65-летний Александр Дудник был среди тех заключённых, которых с марта по ноябрь 2014 года прятали от обстрелов в подвале луганского СИЗО. “Мы были без света, без воды, без ничего сидели. Тогда чем только нас не кормили: и пирожками, и запаривали картошку в час ночи. Воду в бутылках приносили, потому что и помыться нельзя было”, - вспоминает Александр.
В ноябре заключенных перевели в Суходольскую колонию, там, говорит Александр, и условия были получше, и стреляли реже.
Дудник находился в бывшей казарме с 60-80 другими заключенными, а вот другой Александр - 28-летний Зубенко - в камере с четырьмя заключенными. В Суходольскую колонию его перевели в 2012 году из Житомирской.
Три литра воды на человека
То, что началась война, заключенные ощутили по питанию - в еду начали добавлять больше воды. “При войне конечно тяжело было. Абрикосы спасали - в колонии есть сады, - вспоминает Зубенко и добавляет: усложнял ситуацию начальник Суходольской колонии Владимир Рудяк. - Если он приходил в столовую и говорил, что надо урезать пайку, урезали пайку”.

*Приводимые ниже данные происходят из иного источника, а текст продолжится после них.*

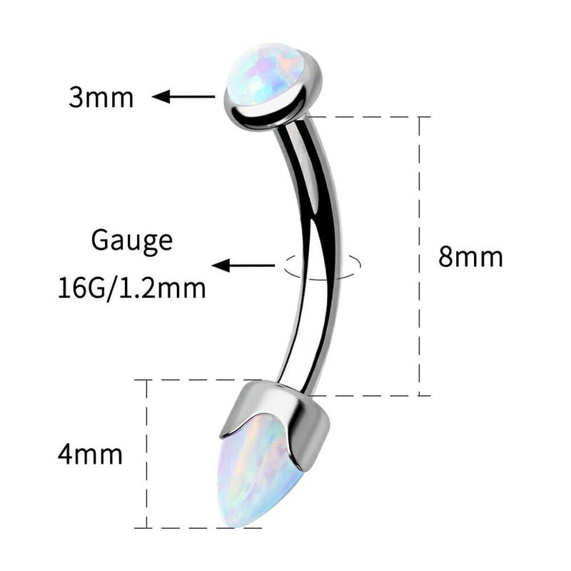 Oufer 16G Titanium Internally Threaded Opal Curved Barbell Rook Eyebrows Vertical Piercing Ring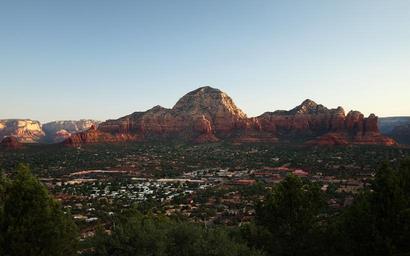 | Keywords: Sedona Arizona-27527-2.jpg Coffee Pot Rock right Capitol Butte center and Chimney Rock left at sunrise as seen looking north from the Sky Ranch Lodge on Airport Mesa in Sedona <br />Photo taken with an Olympus E-P1 in Yavapai County AZ USA <br />Cropping and post-processing performed with The GIMP http //www kenthomas us KenThomas us <br /> personal website of photographer 2010-07-19 6 18-07 <sup>ISO 8601</sup> Ken Thomas This image is released to the public domain and therefore no permission or credit is required <br />Comments and/or feedback however are always welcome Please see my user page or http //kenthomas us my personal website for details and contact info 34 51 09 20 N 111 47 28 84 W heading N Created with GIMP Sedona Arizona Widescreen desktop backgrounds Taken with Olympus E-P1 |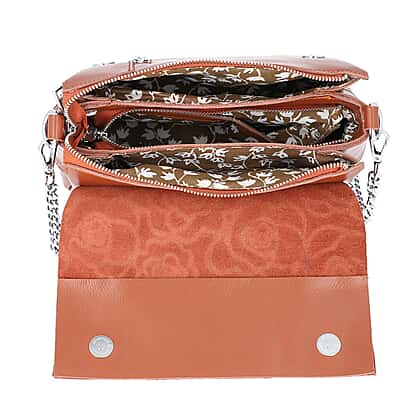 100% Genuine Leather Multiple Pocket Rose Pattern Flap Bag with Detachable Shoulder Strap in Tan Size Details 25x9x18 Cm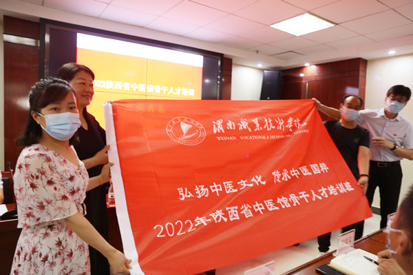 6月20日上午10时,陕西省中医馆骨干人才培训第一期培训开班典礼在十大信誉官网朝阳校区图书楼7楼学术报告厅隆重举行。陕西省中医药管理局副局长孔群、医政医管与教育处四级主任科员潘玥宏、渭南市卫生健康委员会副主任同学军、渭南市卫健委中医科科长张艳丽,网投十大信誉可靠平台党委副书记、院长靳华锋、副院长王韦华、党政办公室主任雷建文、学院中医馆骨干人才培训首席专家、渭南市中医药学会副秘书长、渭南市首届优秀青年中医师李红刚、网投十大信誉可靠平台领导班子和相关工作人员,以及来自全省各市(区、县)的80余名参训学员参加了开班典礼。王韦华主持开班典礼。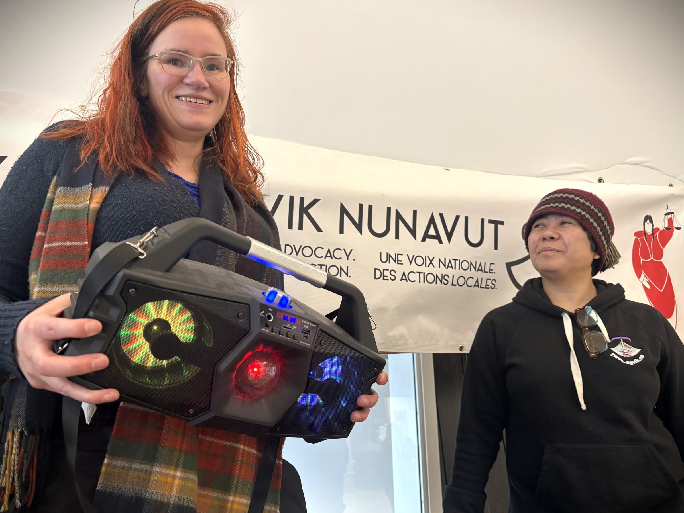YWCA Agvik Nunavut staff Alice Hebb, left, and Pearl Flores blast female hip-hop during an event the organization hosted Sunday to mark International Women’s Day. More than 60 women and their children enjoyed games and free yoga, massages, and hair-braiding, as well as free photo shoots by professional photographers from Full Art Media. The event was supported by the Qulliit Nunavut Status of Women Council and the Government of Nunavut. (Photo by Daron Letts)

В 2013 году Рудяка на 10 месяцев отстранили от руководства колонией, на него завели уголовное по подозрению в использовании заключенных на стройке собственного дома. Сам он это отрицал. Александр Зубенко рассказывает, что осужденные давали против Рудяка показания - жаловались на то, что их принуждали бесплатно работать и на территории колонии.

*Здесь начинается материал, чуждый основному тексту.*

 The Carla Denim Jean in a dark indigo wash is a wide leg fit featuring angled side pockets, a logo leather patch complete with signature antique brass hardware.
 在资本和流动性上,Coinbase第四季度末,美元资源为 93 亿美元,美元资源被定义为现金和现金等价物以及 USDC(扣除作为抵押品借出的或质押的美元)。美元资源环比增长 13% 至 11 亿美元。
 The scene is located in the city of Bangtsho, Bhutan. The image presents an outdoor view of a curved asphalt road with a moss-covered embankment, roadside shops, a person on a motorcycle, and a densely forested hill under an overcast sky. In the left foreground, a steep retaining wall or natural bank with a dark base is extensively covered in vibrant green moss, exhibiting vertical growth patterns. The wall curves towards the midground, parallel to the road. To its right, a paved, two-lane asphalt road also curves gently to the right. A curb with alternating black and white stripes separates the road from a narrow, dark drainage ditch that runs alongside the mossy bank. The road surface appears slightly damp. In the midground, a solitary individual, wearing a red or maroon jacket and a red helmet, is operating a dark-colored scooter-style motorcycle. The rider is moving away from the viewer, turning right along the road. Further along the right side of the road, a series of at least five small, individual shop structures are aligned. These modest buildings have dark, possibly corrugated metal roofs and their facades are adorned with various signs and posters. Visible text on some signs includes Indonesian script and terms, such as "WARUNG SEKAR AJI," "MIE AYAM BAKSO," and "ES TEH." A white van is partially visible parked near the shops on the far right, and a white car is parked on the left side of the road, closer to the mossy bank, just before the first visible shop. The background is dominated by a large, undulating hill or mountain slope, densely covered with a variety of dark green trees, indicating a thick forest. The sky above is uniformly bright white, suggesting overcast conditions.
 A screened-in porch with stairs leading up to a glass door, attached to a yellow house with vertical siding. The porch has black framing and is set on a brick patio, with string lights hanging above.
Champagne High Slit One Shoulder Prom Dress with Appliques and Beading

Рудяк сумел вернуть себе должность при боевиках и даже кое-что “приобрести”. По словам Зубенко, начальник колонии хвастался заключенным, что успел отжать джип у кого-то из местных.
Третий осужденный - Руслан Большаков - на проблемы с начальством не жалуется. Даже наоборот - он работал завхозом столовой, что давало ему определенные преимущества.
Он рассказывает, что всё изменилось неожиданно - уснули в Украине, проснулись в “ЛНР”. Новые-старые надзиратели колонии украинскую символику зарисовали, надписи заменили на русские, поменяли форму и шевроны. По-новому начали и к заключенным относится: как говорит Руслан, режим стал жестче, преимуществ меньше (к примеру, ограничили возможность пользоваться телефоном). Еда же, по словам Большакова, стала лучше (что он связывает с гумпомощью).
“С водой проблемы были, три литра в день давали на человека. В промзоне колонии была вода, я только из-за этого ходил туда, чтобы покупаться, постираться. Может, это было специально сделано, чтобы туда шли работать”, - предполагает Большаков.
64 копейки в месяц
Работать-то ходили, но денег за это либо вовсе не получали, либо копейки (и это не фигура речи).
“Я проработал месяц на деревообрабатывающем заводе, опилки, дощечки выносил. Заработал 64 копейки, - смеется Александр Дудник. - Люди работают, падают с ног, железо тягают, а получают 12-30 рублей. Ну а что делать?”.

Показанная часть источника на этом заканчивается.